QUTAC wants to help form an economically successful, independent quantum computing ecosystem in Germany and Europe. Digital sovereignty is what the consortium aims for at its core. What does this term mean for you?

Independence. And once again, hardware has a major role. Germany and Europe will need their own powerful quantum computers, as well as companies that are confident in using them backed up by appropriate software. Otherwise, we will make ourselves dependent on other countries in one way or another. The current political situation in particular shows that this wouldn’t be in our interests.

So Germany and Europe should aim for a pioneering role themselves?

Ideally, yes. But that does not mean that German companies should tie themselves to German or European suppliers. That would mean closing off options. Instead, it has to be about creating alternatives and building a market, so that companies have a choice over the resources they want to use. But all this is only one part of a bigger picture. A functioning ecosystem also includes universities that can train the skilled workers of tomorrow. And lastly, we need what’s happening right now at QUTAC: working in partnership and cross-industry to pool resources.

QUTAC also wants to bring an industry perspective to bear in the political debate, to better contribute to quantum computers’ economic success. What support do you look for from politics?

Research funding is already very extensive from federal and state governments, which is an important signal. However, it is crucial at this stage for companies who are developing applications to get more support. Individual companies are making very high investments, and development phases are long. They’ll need a lot of stamina before their pioneering work pays off. Those in politics should help keep it financially attractive for companies to do this kind of forward-looking research and development in quantum computing, by providing targeted support.

How is Lufthansa Industry Solutions involved in quantum computing outside of QUTAC?

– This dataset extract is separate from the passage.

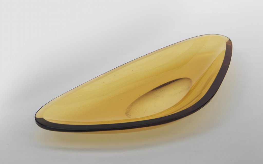 Cristallo colorato sagomato curvato e molato.

Among other things, we are a founding member of the Artificial Intelligence Center Hamburg (ARIC). ARIC was originally just about promoting and sustainably using AI in the Hamburg metropolitan region but is now also going to be addressing quantum computing via the Quantum Innovation Capital (QUIC) initiative. We’ll be contributing through various participation formats such as lectures or brown bag sessions.

Dr. Wegner, thank you for talking with us.